A discussion unfolding at the Mental Health Nurse Academics UK meeting held on March 12th 2021 was how best to support colleagues making the transition from clinical practice into higher education. Given the very limited success within nursing in growing clinical academic careers, through which people might sustainably combine roles in practice with roles in education and/or research, this transition is a very real one. It is also, as Jan Hunter and Mark Hayter observe, relatively neglected.

The rhythms and demands of clinical practice are very different from those in universities. Most nursing, midwifery and allied health professional academics come to work in higher education without having had prior opportunities to hone their research skills through doctoral-level study. Many need to grow their skills and experiences in teaching, too, but it is on developing early career researchers that I wish to focus in this post.
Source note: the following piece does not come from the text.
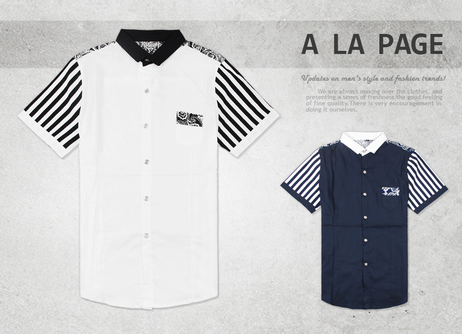 66-8830 微彈性短袖襯衫.等寬條紋滾邊袖
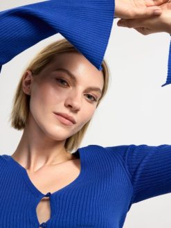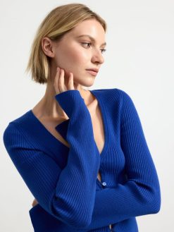 cardigan doux en tricot côtelé avec manches longues et boutons sur le devant.

Along the way I draw on experiences of my own to illustrate some wider points.

I was helped to write two doctoral fellowship applications, the second after the first was unsuccessful. In this, I proposed using a set of design and methods crafted in an existing study of recovery from stroke to examine work and roles in the trajectories of people using mental health services in the community. With part-funding from a competitively secured fellowship and then employer support I was on my way. I therefore benefited from a very sensible, strategic, approach to research capacity-building which combined mentorship, help with funding applications, ongoing institutional support, and supervision. Very importantly, I was also encouraged to think programmatically, and to link my research to existing lines of enquiry with the aim of adding to a concentration of substantive, theoretical and methodological expertise.

Sharing my thesis findings through publishing was an absolute given, informed by the view that a study is not completed until it is shared. Beyond this, having concluded my PhD I both wanted, and was encouraged, to develop further the body of research commenced in my thesis. I moved swiftly from doctoral studies to a part-time post-doctoral fellowship, in which I again examined service user trajectories, work and roles but this time in the context of mental health crisis services. I was grateful for the support I received for this project from the Research Capacity Building Collaboration Wales. I also reflect, now, that our collective efforts to grow a doctorally qualified nursing, midwifery and allied health profession academic workforce have not been matched by equal efforts to enable holders of new PhDs to grow their research programmes into the post-doctoral period. It is deeply frustrating to see the holders of new doctorates devoured by teaching and related activities, their research expertise and aspirations risking extinction barely as soon as they have emerged. Mentorship to develop ongoing research plans, space for dissemination and grant-writing, and strategies for networking are so very important in the immediate post-doctoral period.

My view is also that institutional and external support for a PhD brings with it the obligation, in time, to become a PhD supervisor. Debra Jackson, Tamara Power and Kim Usher have recently published findings from a study of doctoral supervision within nursing, accurately pointing to the labour involved in this work and the degree to which it needs to be recognised by employers. Without supervision there can be no doctoral study, and without doctoral study no future research leaders.

Finally, my impressions are that, historically, research careers have tended to begin many years after initial registration and periods in practice. I would like to see more encouragement to newly registered nurses to consider research (and a career in academia) as an option, beginning with early registration for PhD study. Quite possibly this takes me back to where I started in this post, which is to observe that, despite many years of talking and trying, we haven’t yet managed to create coherent career pathways for clinical academics in nursing.